Hugging Face, which makes AI software and hosts it for other firms, could attract businesses that wish to be purchased since it has plenty of resources, Delangue said, according to the report.
Last year, Hugging Face raised $235 million in a funding round. Investors included Google, Amazon, Nvidia, IBM and others, valuing the company at $4.5 billion.
Meanwhile, Big Tech continues to try to woo startups to their cloud computing networks. For example, Amazon said Thursday it is investing $230 million in Amazon Web Services (AWS) credits in AI startups.
The credits will offer early-stage generative AI firms free access to computing power, a variety of AI models, and infrastructure, so long as they build their companies using AWS.
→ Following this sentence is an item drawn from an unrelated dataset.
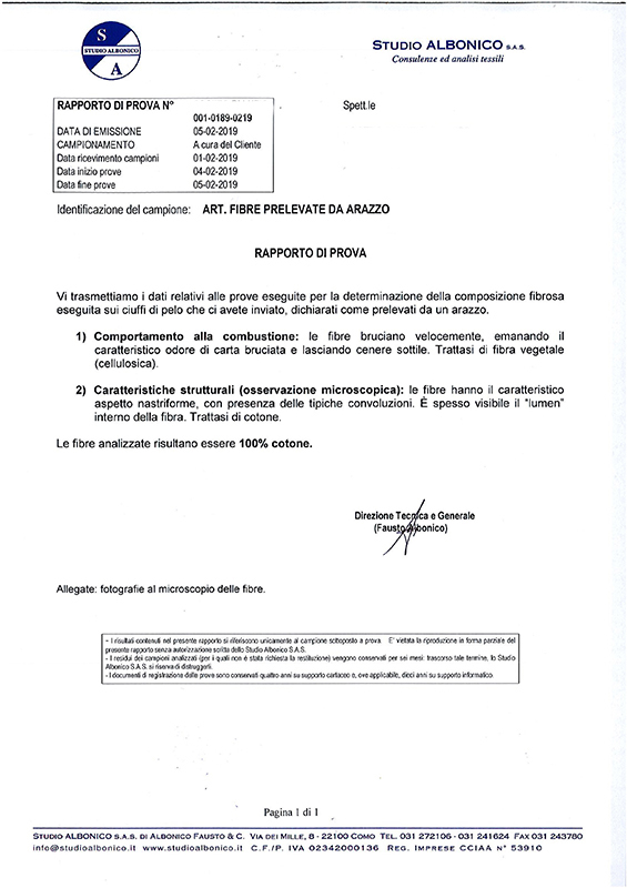 11 - N. 10660 Probabile Napoli, Italia, immagine delle fibre di cotone effettuate nel Rapporto di Prova dello “Studio Albonico S.A.S. di Como” Consulenza ed analisi tessile.

Amazon said it already offers $1 billion in cloud credits per year to startups, with this new commitment focusing on supporting generative AI startups.
“They’ll be able to iterate very quickly and pivot very quickly as necessary,” Matt Wood, vice president of AI Products at AWS, said. “Then ultimately, when they hit on that home run, they’ll be able to double down and get to the scale with security, responsibility and consistency.”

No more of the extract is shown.